Fetal growth restriction (FGR) is a major contributor to perinatal mortality and morbidity worldwide. The hypothesis for the proposed study is that mal-development of the placental microvasculature and its negative regulation by environmental influences such smoking elicit FGR.
Our specific aims are a) Determine how placental villous structure, vascularization and blood flow predict FGR and associated adverse pregnancy outcomes using a novel technology, superb microvascular imaging (SMI); b) Visualize in situ spiral artery transformation in normal pregnancies and investigate how spiral artery transformation contributes to FGR using SMI and c) Validate SMI, Doppler and MRI findings at the cellular and molecular levels in FGR complicated vs. normal pregnancies. We utilize both prospective and nested case-control study designs to investigate placental microvasculature assessed using SMI technology and estimate the influence of smoking on the indices and their association with FGR. The primary outcome will be FGR. Relevance: Fetal growth restriction affects approximately 10% of pregnancies and is a significant contributor to perinatal death. Attempts at predicting pregnancies at risk for this complications has been disappointing. This proposal will fill that void by using an approach incorporating multiple parameters in designing a reliable prediction model for these complications.

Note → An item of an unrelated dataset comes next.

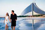 上午安排迪拜城市游,参观茱美拉清真寺,茱美拉海滩,七星级酒店外观,沿途经迪拜世界贸易中心,Emirates Towers,Burj Dubai,赛骆驼场,茱美拉酒店。下午体验阿联酋特有的沙漠探险——冲沙,并在月光下享用阿拉伯风味的烧烤晚餐。

Worldwide, low birth weight caused by fetal growth restriction (FGR) is still one of the most significant pregnancy complication. By using novel imaging technologies that enable visualization and analysis of placental microvasculature in combination with cellular and molecular analysis, the submitted proposal investigates non-invasive in situ analysis of human placental microvessels and their regulation by smoking to develop predictive model for pregnancies at high risk for FGR.